For instance, if we would like to predict the price that a series of apartments and how the prices will change next year, by data-scrapping the historic data or connecting to public DBS we get a series of markers that will give us the Raw data we require.
- Square feet
- Area
- Year built
- Price sold
- others
Since we have this dataset, the next step is from the raw data extracting their features and reformating the dataset.
In this case, we would like square feet, distance to metro or historical location, etc.
After defining our markers we need to split the datasets between test datasets and start training our model.
Training the data model is one of the key elements, where we can choose different models (neural networks or logistic regressions and many more) that will be valuable in one other context, depending on the datasets we have.

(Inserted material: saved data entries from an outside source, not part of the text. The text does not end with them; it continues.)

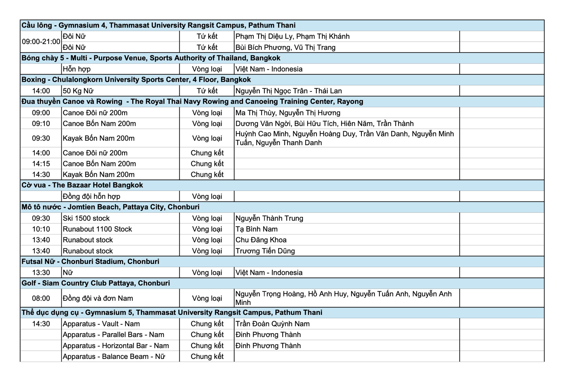 Niềm hy vọng khác của Đoàn Thể thao Việt Nam là điền kinh sau khi giành 2 tấm HCV ở ngày ra quân. Cặp vận động viên Bùi Thị Nguyên và Huỳnh Thị Mỹ Tiên sẽ tranh tài ở nội dung 100m rào nữ. Ở nội dung 400m nữ có Hoàng Thị Minh Hạnh và Nguyễn Thị Ngọc. Trong khi đó, Đinh Phương Thành của thể dục dụng cụ cũng tranh tài sau khi đồng đội đã giành 2 HCV trong ngày 11/12.
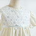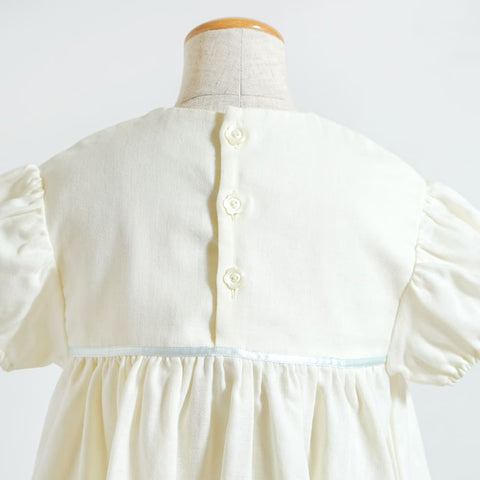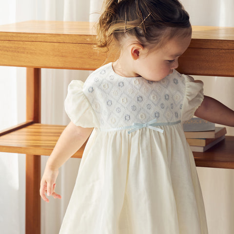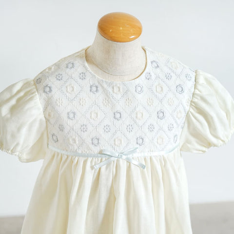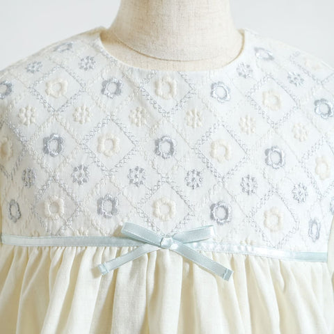 お花刺繍の生地にWガーゼ生地を合わせ、ウエストにはサテンリボンをポイントに付け上品な一枚に仕上げました。
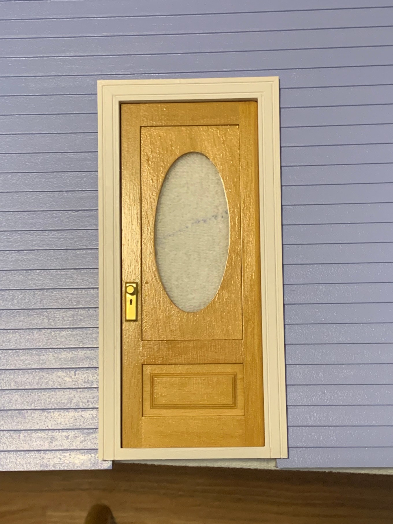 The last item I wanted to finish before assembling the house was the front door. This kit came with a very nice door with large oval light. Staining it a light pine color and brushing on three coats of polyurethane (with sanding in between) gave the door an inviting look.

We can´t assume that our model is usable, in that case, we will take a look at the already sold apartments and see how accurately it predicts the sale price.
There is an issue here: Our model has seen the outcome already and knows that data, and for that reason, we need the test dataset: We put the test dataset (unseen data) to get the models predictions and calculate the average error of the predictions or what per cent of X did the model accurately predict within an X% margin. We need to define the threshold that we will consider a successful performance.
If the performance isn’t good enough, we will need to come back and re-train the model tunning it.